# Форум для размышляющих > Моя проблема >  Полное одиночество

## Саша Новак

Привет всем, кто читает это. Я совсем один. Не в метафизическом смысле, хотя и он тут есть, а в прямом.
У меня никого нет. Ни друзей, ни знакомых, даже по интернету я ни с кем не общаюсь уже много лет.
Многие люди говорят о том, что они одиноки. Я их  понимаю, но они не знают, что такое одиночество физическое. Самое дно. Никакого шанса.
В силу своих психических заболеваний я не могу ни с кем познакомиться, общаться. Это страшно, а даже если удастся, всегда приводит к разочарованию.
У меня был лучший друг, мы с ним общались 7 лет, дольше, чем с кем бы то ни было. Он был единственным близким человеком, смыслом моего существования. Два дня назад он сказал, что уезжает в другой город навсегда, дал понять, что общаться мы больше не будем.
Теперь нет смысла ни в чем. Все, что я делал, было для него и ради него. Одежда, чтение книг, ЗОЖ, мечты. За каждой моей мыслью стоял его образ. Теперь все не имеет смысла.
И радоваться не хочется, как раньше. Теперь сама радость кажется какой-то бесцветной, она не стоит никаких усилий.
Шанса найти нового друга у меня нет, да и не нужно это.
Он был всей моей жизнью, как бы претенциозно это ни звучало. И эта жизнь меня покинула.
Зачем пишу это? Просто некому. А привычка рассказывать обо всем есть. А может, у кого-то такая же ситуация вдруг. Дайте знать.

----------


## Чувак

> даже по интернету я ни с кем не общаюсь


 по интернету лучше не общаться, там в основной массе неадекваты. 
Я тоже собираюсь в другой город, но контакты с моим единственным другом обрывать не собираюсь, наоборот буду с ним созваниваться каждый день. 
ему будет интересно что творится со мной, а мне интересно что творится в моем городе. странно что твой друг так поступает, ведь расстояние не имеет значения.

----------


## Саша Новак

Возможно, это просто повод со мной не общаться, уважительная причина.

----------


## Саша Новак

Никто же не хочет чувствовать себя сволочью (последний человек, который перестал общаться с таким жалким и убогим)

----------


## Саша Новак

вы долго общаетесь? Как он воспринял уезд?

----------


## Чувак

больше 20 лет. нормально воспринял, не будет же он меня отговаривать. если я чтото решил, меня уже врятли ктото отговорит.

----------


## Phenex.New episode

Ты жил ради него? Сочувствую, ты проебал себя. Типичная история.

----------


## Phenex.New episode

> по интернету лучше не общаться, там в основной массе неадекваты.

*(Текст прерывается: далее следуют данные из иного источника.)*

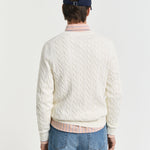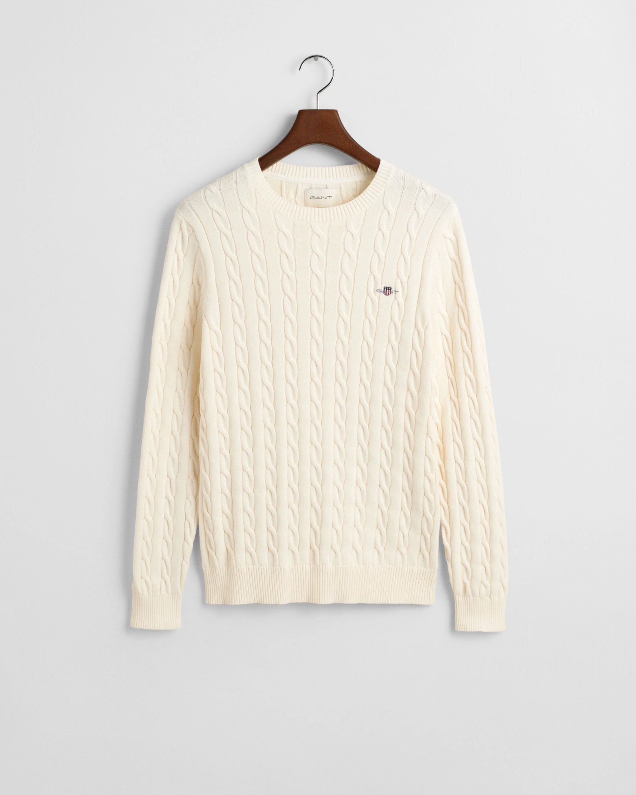Concebida com uma estrutura em malha de algodão entrançada por toda a peça, esta camisola de malha suave apresenta um corte normal e um decote redondo clássico. Uma peça colegial essencial, está decorada com o nosso icónico emblema GANT Archive bordado no peito e rebordos canelados no decote, bainha e punhos.

 Не страшно так жить?) Выходит, что в принципе, 90% населения - либо боты, либо умалишенные?). Что там, в другом городе? В другой стране? В другом мире? На другой планете? Что может измениться, если мы все поймем, что хотим этих изменений? Знаете, в чем проблема? Нас, таких, очень мало. Относительно умных, умеющих мыслить и понимать суть происходящего. Почему "относительно"? Потому что и мы не до конца понимаем, иначе бы перевернули этот мир, и никто бы не смог нам противостоять. Но нас останавливает страх, который нам внушают.  Этот страх не дает нам двигаться вперед, заставляет сомневаться в себе, не верить в себя. Нам говорят, что это идет исключительно от нас самих, и нам надо научиться преодолевать это. Так ли это? А если это так, то кто и зачем это в нас программирует? Кому это выгодно? И что в конечном итоге из нас хотят сделать?

----------


## Чувак

Сейчас сижу и понимаю, как же трудно сделать последний шаг. Для меня сейчас последний шаг - это купить билет. После этого я распрощаюсь с привычной жизнью.
Обратно вернуться будет можно, но это будет возвращение в пустоту и лучше этого не делать.
И представляю насколько тяжело будет сделать действительно последний шаг в жизни.

----------


## Phenex.New episode

> все мы понимаем) Только глупец может надеяться на переворачивание мира....кстати, как там гипноз?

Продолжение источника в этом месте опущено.